Second chances. One or both of the main characters is getting a second chance, whether they like it or not. Perhaps the character with amnesia is horrified to discover the person he or she (supposedly?) use to be. Or maybe it's the other main character, a lover from the amnesia character's past, hoping for redemption or a fresh start.
Back-burner tension. The original obstacle(s) that has been "forgotten" but has not gone away. It has to be dealt with eventually before any HEA, which (almost) guarantees suspense.
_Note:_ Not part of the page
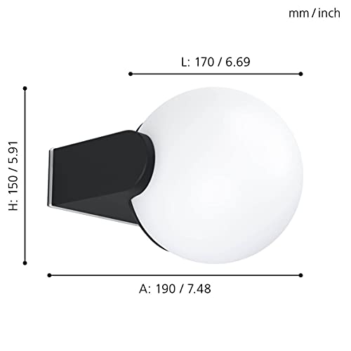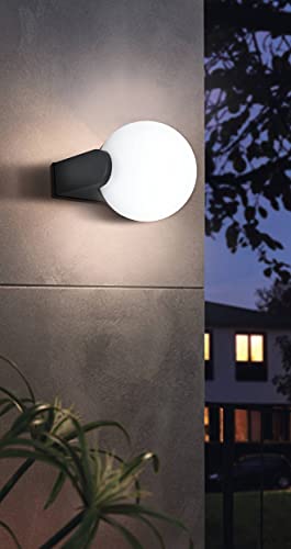 La lampada da parete esterna è realizzata in fusione di alluminio in nero e realizzato con una palla luminosa fatta di plastica in bianco

Borderline paranormal. This appeal is hard to describe. For someone who enjoys both paranormal and traditional elements, an amnesia plot sort of straddles the fence. The chances are slim, but it "could" happen in the real world.
So, there's my partial "You Had Me at Hello" list and why an amnesia plot becomes an auto-read. How can I resist?
But it's an overworked romance trope and medically implausible.
Who said that? Oh, it must have been the little voice of doubt in my head that I listen to off and on. Yes, this is a consideration for both reading and writing an amnesia plot. After all, a knock on the head without harming any of the cognitive abilities of person and an instant recovery might be hard to swallow! In fact, here's a web site that gives quite an argument on the pitfalls. (If you're a die-hard amnesia plot fan, this won't phase you!)
All About Romance: Amnesia in Romance.
For a writer, there are some good points in this article on acknowledging in the story the realistic medical problems associated with amnesia. For instance, in my recent romance reading with the amnesia plot device, there was a conscientious effort (in the good second book) to show that the heroine recovering from head trauma continued to have difficulty, such as with reading or with headaches. It wasn't over done, but enough to keep the writing of the subject intelligent.
Of course, much can go "wrong" with an amnesia plot, but before this happens, I always feel an instant attraction to the "great potential" of this device. My first novel -- big surprise -- had an amnesia plot.
What kind of a "You Had Me at Hello" reading preference list would you make? What do you think of amnesia plots? Any favorites to recommend are always welcome!